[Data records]
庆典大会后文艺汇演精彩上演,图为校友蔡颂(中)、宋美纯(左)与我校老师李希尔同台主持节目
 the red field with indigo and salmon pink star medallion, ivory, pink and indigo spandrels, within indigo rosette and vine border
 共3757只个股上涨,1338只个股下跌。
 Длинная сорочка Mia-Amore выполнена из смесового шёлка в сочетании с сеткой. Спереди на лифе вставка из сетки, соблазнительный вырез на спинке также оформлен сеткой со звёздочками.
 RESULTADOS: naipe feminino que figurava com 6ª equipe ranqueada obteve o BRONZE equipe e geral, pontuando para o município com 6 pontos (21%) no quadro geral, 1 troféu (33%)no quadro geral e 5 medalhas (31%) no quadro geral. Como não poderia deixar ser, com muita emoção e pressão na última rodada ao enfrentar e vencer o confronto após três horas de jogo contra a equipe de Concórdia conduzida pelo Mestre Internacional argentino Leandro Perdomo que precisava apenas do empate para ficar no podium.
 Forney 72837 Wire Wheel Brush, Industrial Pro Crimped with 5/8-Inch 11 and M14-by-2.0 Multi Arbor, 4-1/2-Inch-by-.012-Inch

- _Task statement_
Copy, word for word, the line that contains "RESULTADOS: naipe feminino" and every line after it through the end of the records, and nothing else.

- _Answer to this problem_
 RESULTADOS: naipe feminino que figurava com 6ª equipe ranqueada obteve o BRONZE equipe e geral, pontuando para o município com 6 pontos (21%) no quadro geral, 1 troféu (33%)no quadro geral e 5 medalhas (31%) no quadro geral. Como não poderia deixar ser, com muita emoção e pressão na última rodada ao enfrentar e vencer o confronto após três horas de jogo contra a equipe de Concórdia conduzida pelo Mestre Internacional argentino Leandro Perdomo que precisava apenas do empate para ficar no podium.
 Forney 72837 Wire Wheel Brush, Industrial Pro Crimped with 5/8-Inch 11 and M14-by-2.0 Multi Arbor, 4-1/2-Inch-by-.012-Inch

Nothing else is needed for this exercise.